Mission impossible

Author: 
Arab News Editorial 8 April 2002
Publication Date: 
Mon, 2002-04-08 03:00

US SECRETARY OF State Colin Powell began a Middle East salvage mission yesterday in which the stakes are very high. A brutal Israeli invasion of Palestinian self-rule areas, an all-out assault on the infrastructure and security forces of the Palestinian Authority, a humiliating and potentially murderous confinement of Yasser Arafat. What makes Powell’s mission all the more problematic is that all these situations have come about with the tacit approval of Washington.

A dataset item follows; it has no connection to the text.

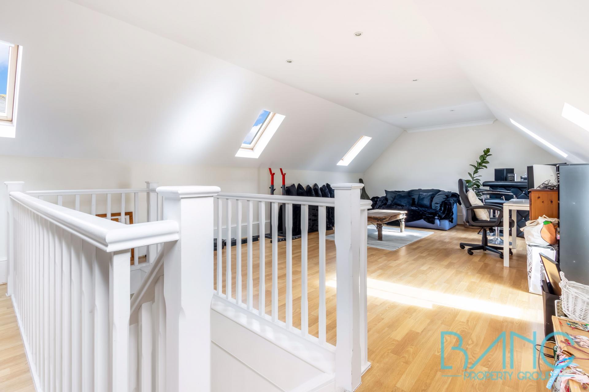 Ascending the oak staircase, the first floor reveals a spacious galleried landing connecting the four well-proportioned bedrooms, accompanied by two stylish bathrooms.
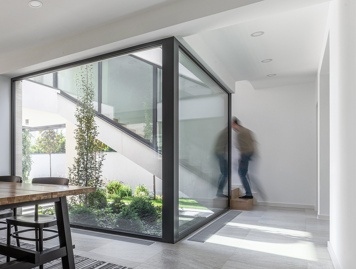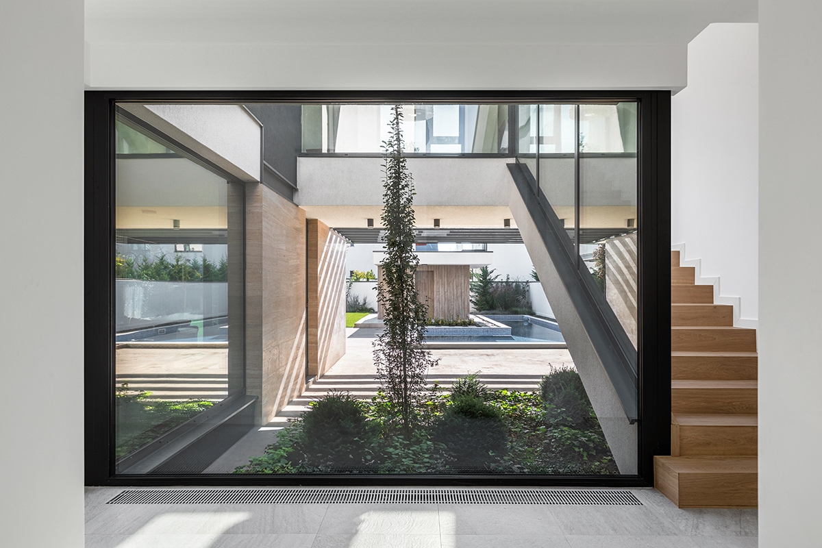 Încă de la intrarea în locuință, din zona vestibulului, se poate remarca o întrepătrundere armonioasă între spațiul construit și natură, întruchipată elocvent de grădina interioară ce constituie „inima verde” a casei, în jurul căreia sunt organizate spațiile de locuit. Amintind de grădinile integrate în casele japoneze, aceasta găzduiește un carpen care se înalță către nivelul superior și este complet vitrată, pentru a comunica deschis cu zona de zi și cu casa scării.

President Bush has taken the simple view that Arafat is behind terrorism and Ariel Sharon is fighting terrorism. In his weekly radio address on Saturday, Bush perhaps muted his criticism of Arafat but insisted on challenging the right of Palestinians to fight the Israeli occupation. Palestinians are exercising their right to self-defense as an occupied people. The UN Charter enshrines this right.

Suicide bombings cannot be compared to the state terrorism carried out by the Israeli government. The former are individual acts of despair by a people who see no future and whose plight is made all the more bleak by Washington’s blank check to Sharon. The latter are cold and rational decisions of a state and a military apparatus of occupation, well equipped and financed and backed by the only superpower in the world.

Yet, in US eyes, state terrorism perpetrated by the Israeli government is legitimate self-defense, while Arafat, even while under house arrest, is ordered to rein in the “terrorists.” The Israelis, including Sharon, know that the enemy is not terrorism but the three million Palestinians living under occupation. And they will continue to be the enemy as long as Israelis pin their existence on the continuing usurpation of Palestinian land.

The aim of this latest Israeli incursion into Palestinian land and lives is not to root out terrorism but to raise the confrontation to such a level of harshness that the PA will have no choice but to surrender to the terms dictated by Israel.

But the Palestinians have demonstrated to have a backbone not even a combination of Bush and Sharon can break. Sharon came to power on a promise to finish off the uprising within 100 days. Hundreds of days have passed since, the uprising has not ended and the Israelis are no closer to peace and security than when Sharon took over. Sharon promised his people security with or without peace and the result has been unprecedented Israeli insecurity.

The Sharon government has failed on all levels: Prevention, deterrence and force. His policy of brutal repression has only fanned Palestinian resolve. The longer the siege continues the more the world rallies around Arafat and the Palestinians whatever be Sharon’s outrages and Bush’s outbursts. It is ironic that Arafat, trapped and surrounded by Israeli tanks, has never been more popular, while Sharon, with all the power of his military on show, is as discredited and isolated as ever.

Only the United States is backing the Israeli prime minister. Of course Bush on Saturday made a direct, personal request to Israel to withdraw without delay from the Palestinian cities it recently occupied. Sharon’s response has been on predictable lines.

The Israeli leader’s defiance in the face of a direct demand from Bush, delivered with British Prime Minister Tony Blair by his side, need not surprise anyone, for this is how errant children have always behaved toward indulgent fathers.

This means that, even though Powell is in the region, the momentum of the violence will prove hard to break. Either by mimicking Israel or at other times turning a blind eye to Israeli actions, Washington helped propel the situation to its present point of near anarchy. And by announcing before hand that he will not meet Arafat, the man Bush says needs to do “everything in his power to rein terrorists”, Powell has left no one in doubt as to who actually fashions Washington’s Middle East policy.